### Entries provided
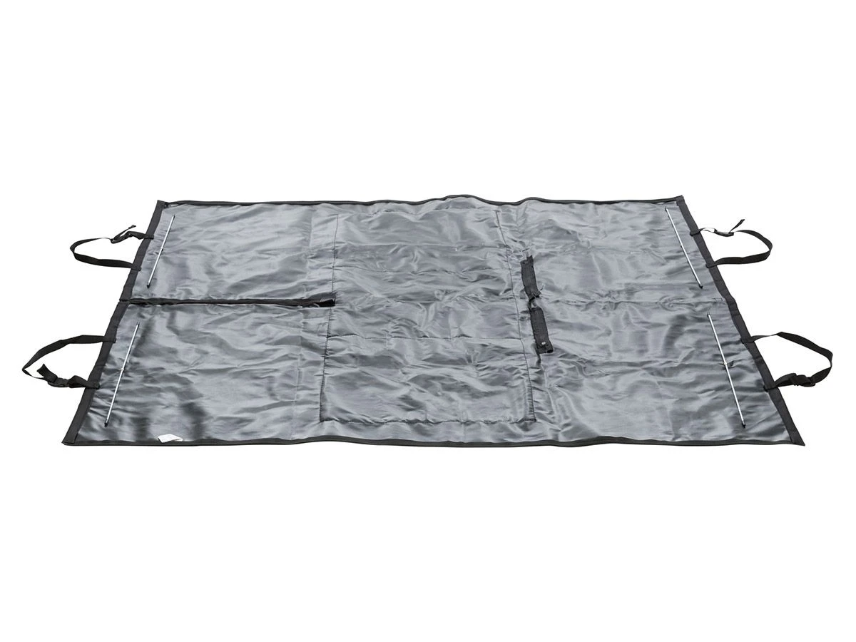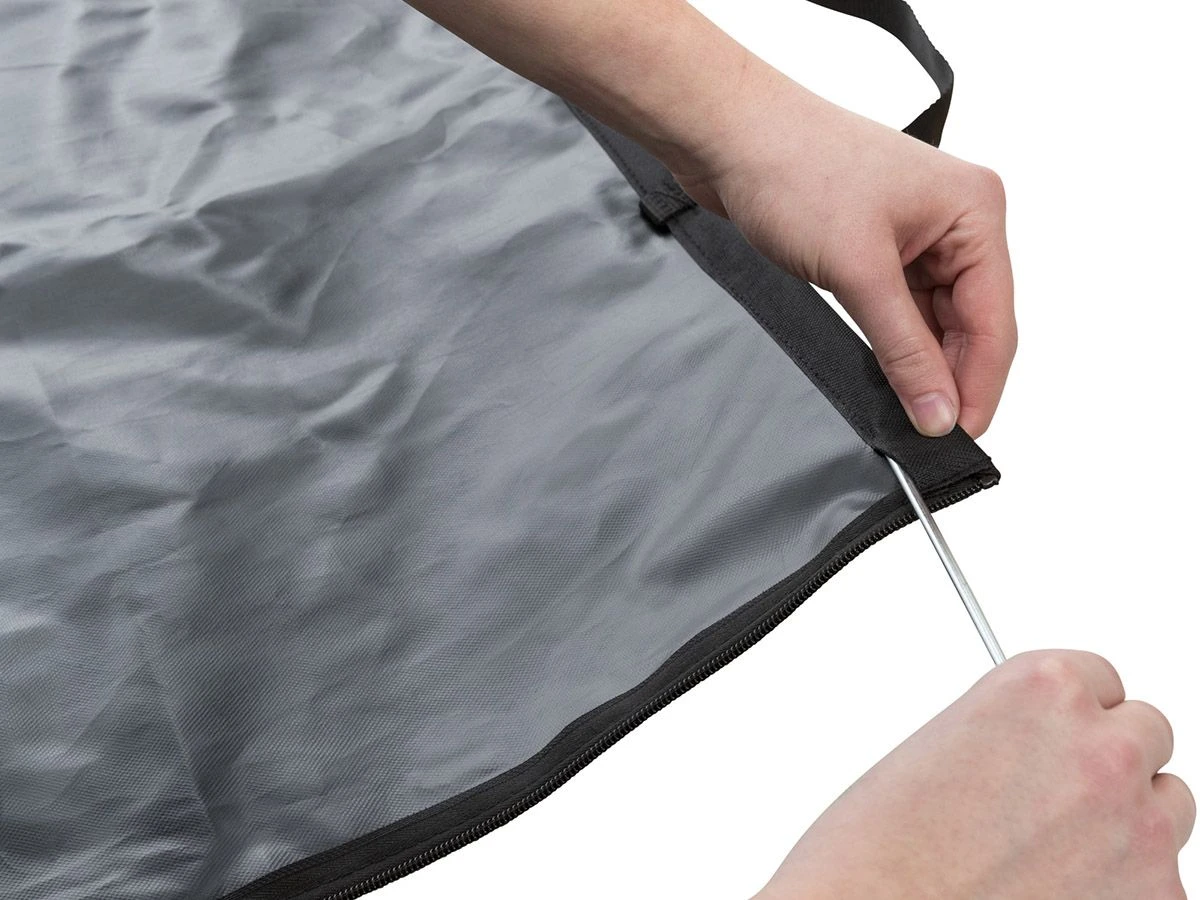 Deze beschermdeken is vormvast door de geïntegreerde metalen ribben en eenvoudig vast te zetten aan de stoelen.
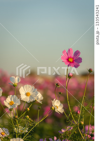 埼玉県鴻巣市のコスモス畑、夕焼け前の青空とピンクの秋桜
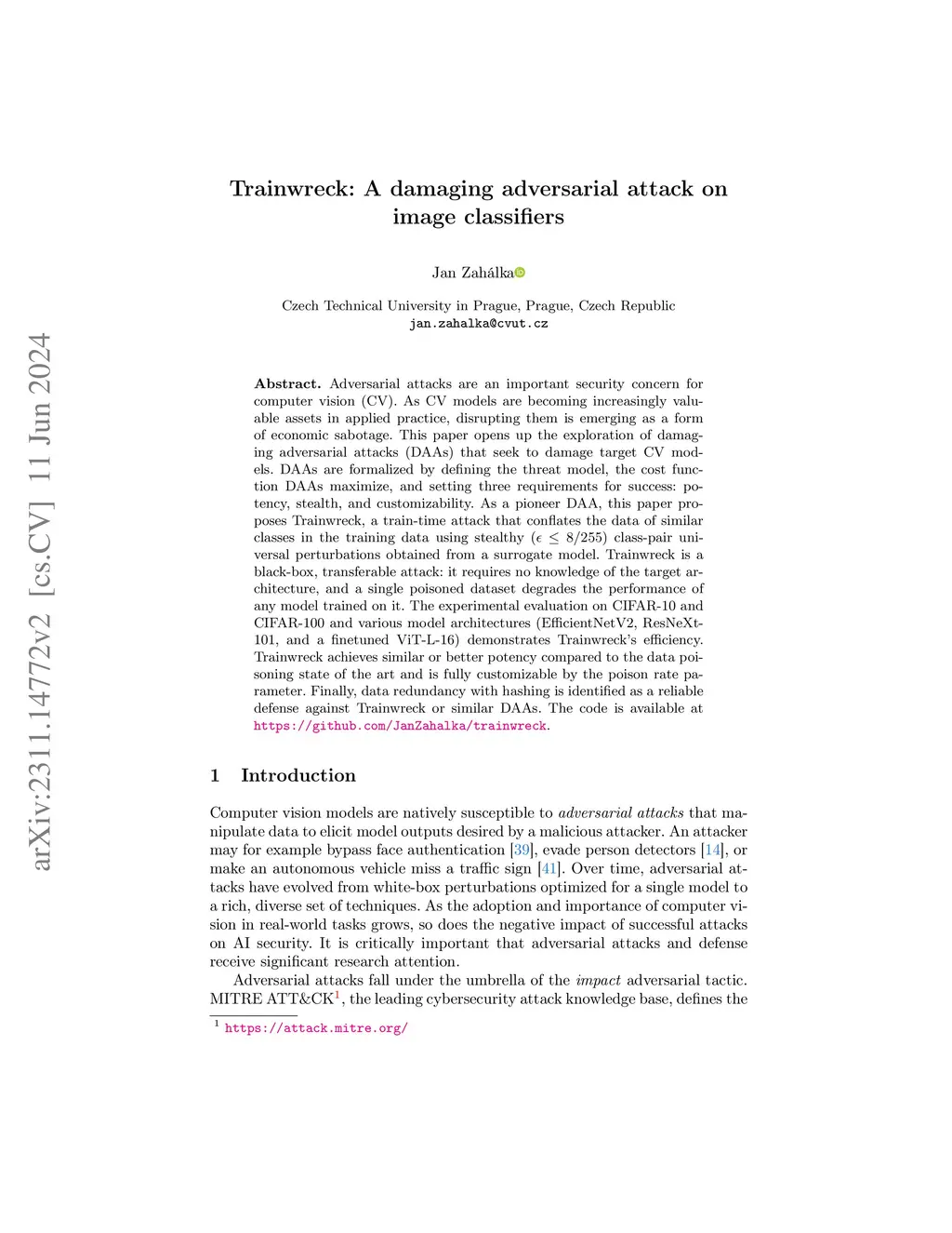 Adversarial attacks are an important security concern for computer vision (CV). As CV models are becoming increasingly valuable assets in applied practice, disrupting them is emerging as a form of economic sabotage. This paper opens up the exploration of damaging adversarial attacks (DAAs) that seek to damage target CV models. DAAs are formalized by defining the threat model, the cost function DAAs maximize, and setting three requirements for success: potency, stealth, and customizability. As a pioneer DAA, this paper proposes Trainwreck, a train-time attack that conflates the data of similar classes in the training data using stealthy () class-pair universal perturbations obtained from a surrogate model. Trainwreck is a black-box, transferable attack: it requires no knowledge of the target architecture, and a single poisoned dataset degrades the performance of any model trained on it. The experimental evaluation on CIFAR-10 and CIFAR-100 and various model architectures (EfficientNetV2, ResNeXt-101, and a finetuned ViT-L-16) demonstrates Trainwreck's efficiency. Trainwreck achieves similar or better potency compared to the data poisoning state of the art and is fully customizable by the poison rate parameter. Finally, data redundancy with hashing is identified as a reliable defense against Trainwreck or similar DAAs. The code is available at https://github.com/JanZahalka/trainwreck.
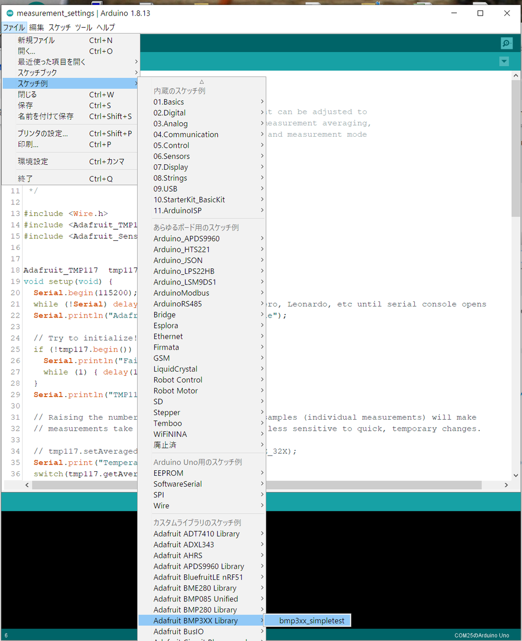 メニューのファイルからサンプルの入っているスケッチ例を選択します。そこから、Adafruit BMEXXX Library - bmp3_simpletestを選択します。デフォルトでI2Cバスを使うように記述されています。スレーブ・アドレスは0x77です。ボードの裏面のaddrをショートして0x76に設定したときは、begin_I2C()の引数に0x76を記述します。
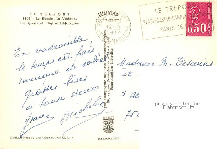 13521929 carte postale Treport Le Bassin Vedette Quais Eglise Saint Jacques postalisch gelaufen Erhaltung siehe scans [KathaD81] KatCode: 11170076176711
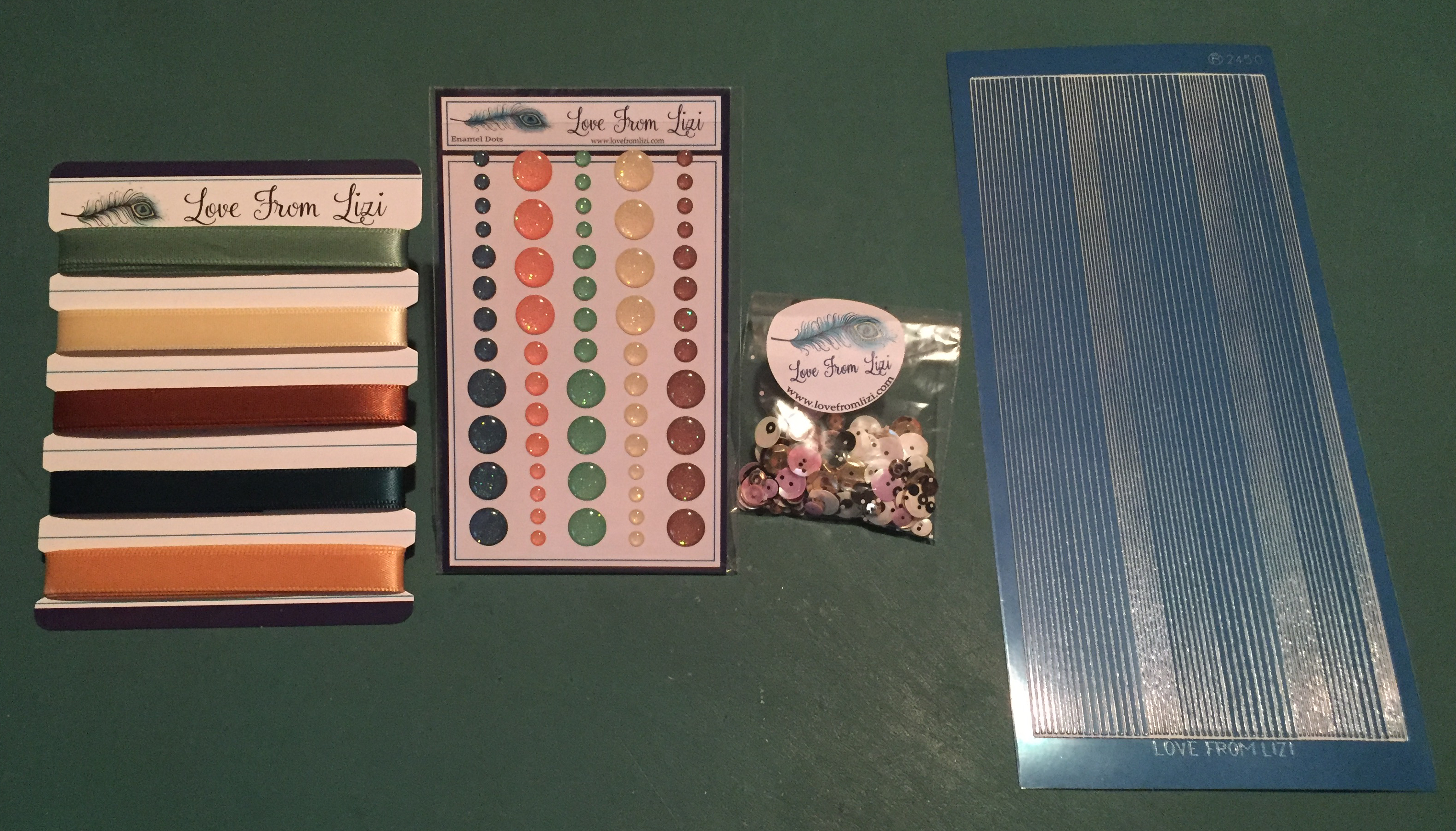 We do get our matching Satin ribbon and Enamel Glitter dots. One meter each of light green, pale yellow, brown, dark green, and a soft orange 1/4″ ribbon that matches our assorted enamel dots. The sample pack of the “Really Dig You” sequin mix includes pink, gold, oyster, navy and chocolate brown sequins in assorted sizes. And we get a new color Peel off this month! This is the Petrol Blue pin stripe peel off that has a smooth mirror Finnish. Great color!

### What to produce
Pictures are to be omitted. Output verbatim only the lines from the one holding "13521929 carte postale" through the end of the material, both included.

### Result below
 13521929 carte postale Treport Le Bassin Vedette Quais Eglise Saint Jacques postalisch gelaufen Erhaltung siehe scans [KathaD81] KatCode: 11170076176711
 We do get our matching Satin ribbon and Enamel Glitter dots. One meter each of light green, pale yellow, brown, dark green, and a soft orange 1/4″ ribbon that matches our assorted enamel dots. The sample pack of the “Really Dig You” sequin mix includes pink, gold, oyster, navy and chocolate brown sequins in assorted sizes. And we get a new color Peel off this month! This is the Petrol Blue pin stripe peel off that has a smooth mirror Finnish. Great color!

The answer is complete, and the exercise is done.